((
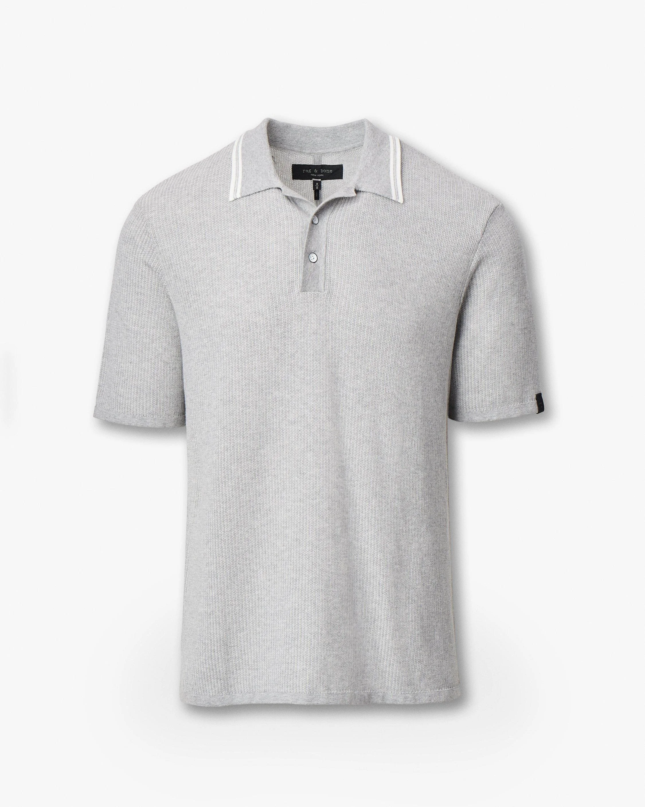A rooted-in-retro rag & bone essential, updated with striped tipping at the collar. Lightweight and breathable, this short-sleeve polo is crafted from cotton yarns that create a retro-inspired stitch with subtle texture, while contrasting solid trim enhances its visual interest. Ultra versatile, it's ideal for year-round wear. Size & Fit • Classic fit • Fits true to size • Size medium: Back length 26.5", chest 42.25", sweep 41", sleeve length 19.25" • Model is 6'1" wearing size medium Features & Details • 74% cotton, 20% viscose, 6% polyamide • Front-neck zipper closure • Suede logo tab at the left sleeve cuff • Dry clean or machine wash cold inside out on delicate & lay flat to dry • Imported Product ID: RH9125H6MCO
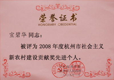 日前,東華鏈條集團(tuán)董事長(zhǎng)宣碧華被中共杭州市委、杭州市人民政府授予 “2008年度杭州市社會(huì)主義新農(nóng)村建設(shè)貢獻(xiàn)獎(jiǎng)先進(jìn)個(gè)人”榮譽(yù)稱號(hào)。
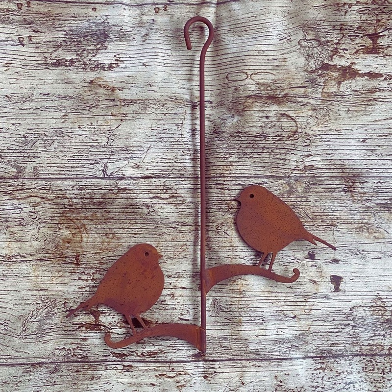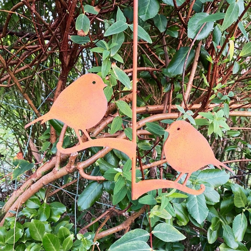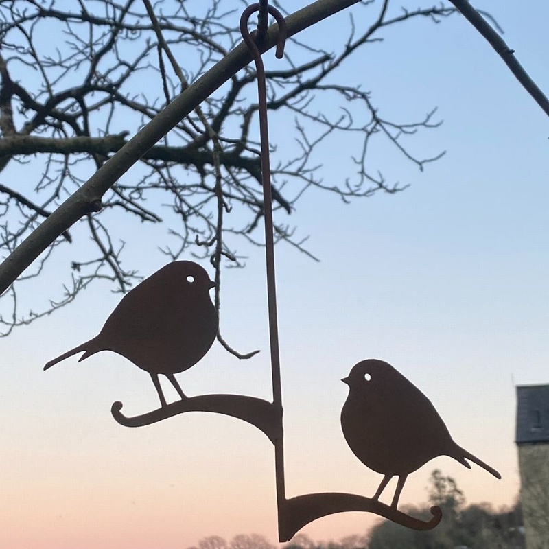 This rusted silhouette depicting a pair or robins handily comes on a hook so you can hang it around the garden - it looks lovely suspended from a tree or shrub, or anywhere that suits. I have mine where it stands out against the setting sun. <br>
))
((
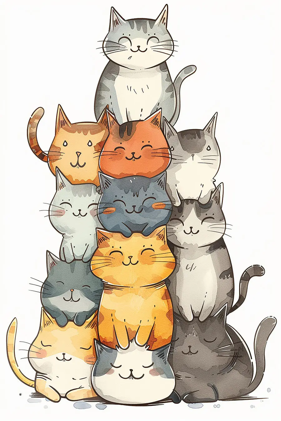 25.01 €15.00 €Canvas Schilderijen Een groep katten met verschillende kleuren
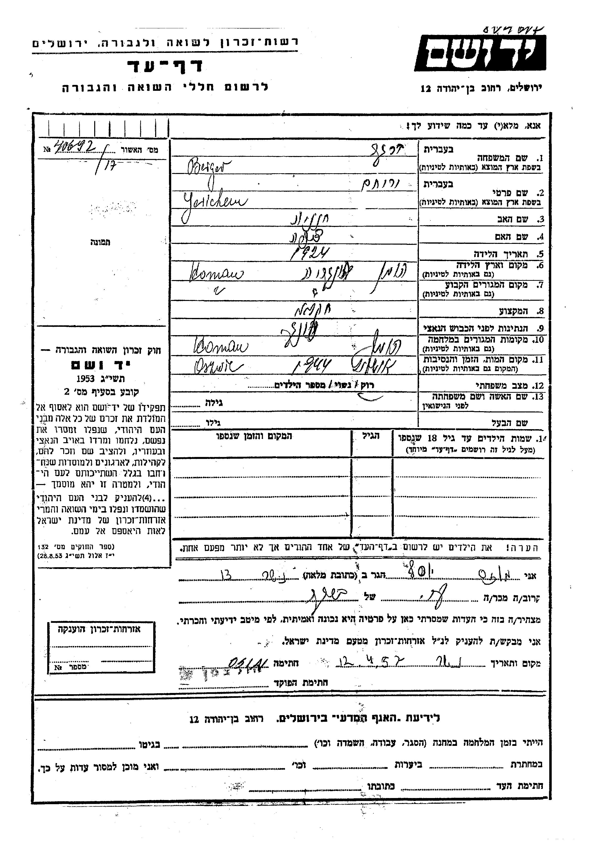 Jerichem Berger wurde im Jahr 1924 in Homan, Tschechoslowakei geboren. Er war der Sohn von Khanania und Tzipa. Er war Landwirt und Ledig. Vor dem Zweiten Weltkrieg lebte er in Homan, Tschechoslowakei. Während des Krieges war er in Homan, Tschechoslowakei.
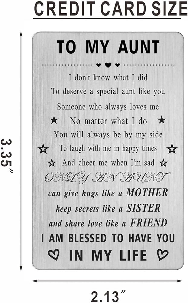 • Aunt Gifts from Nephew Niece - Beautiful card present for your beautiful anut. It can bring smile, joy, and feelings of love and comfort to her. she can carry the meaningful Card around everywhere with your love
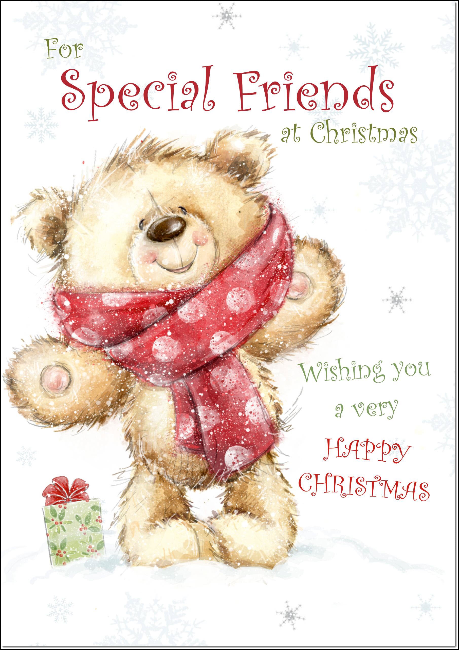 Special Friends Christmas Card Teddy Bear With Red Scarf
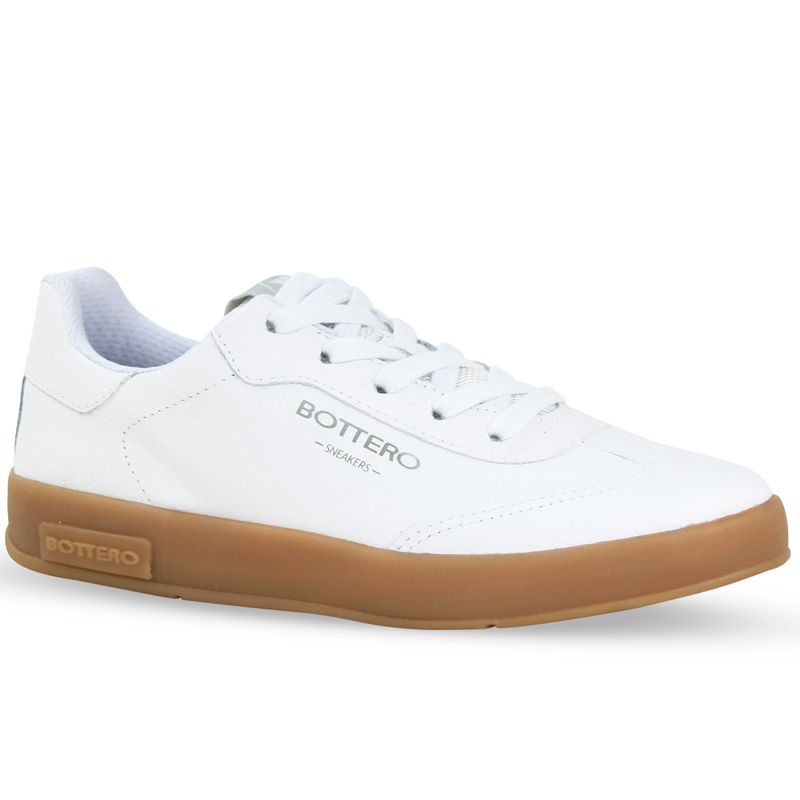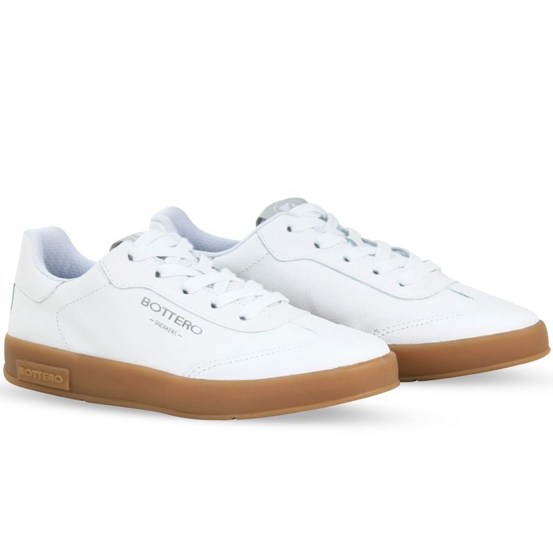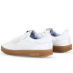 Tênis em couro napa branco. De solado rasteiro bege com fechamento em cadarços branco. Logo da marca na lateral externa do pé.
))
In the listing above, find the line containing "Jerichem Berger wurde" and the line containing "Tênis em couro". Reproduce those lines and all between them exactly, with no pictures and nothing more.

▶ _Exercise answer_:
 Jerichem Berger wurde im Jahr 1924 in Homan, Tschechoslowakei geboren. Er war der Sohn von Khanania und Tzipa. Er war Landwirt und Ledig. Vor dem Zweiten Weltkrieg lebte er in Homan, Tschechoslowakei. Während des Krieges war er in Homan, Tschechoslowakei.
 • Aunt Gifts from Nephew Niece - Beautiful card present for your beautiful anut. It can bring smile, joy, and feelings of love and comfort to her. she can carry the meaningful Card around everywhere with your love
 Special Friends Christmas Card Teddy Bear With Red Scarf
 Tênis em couro napa branco. De solado rasteiro bege com fechamento em cadarços branco. Logo da marca na lateral externa do pé.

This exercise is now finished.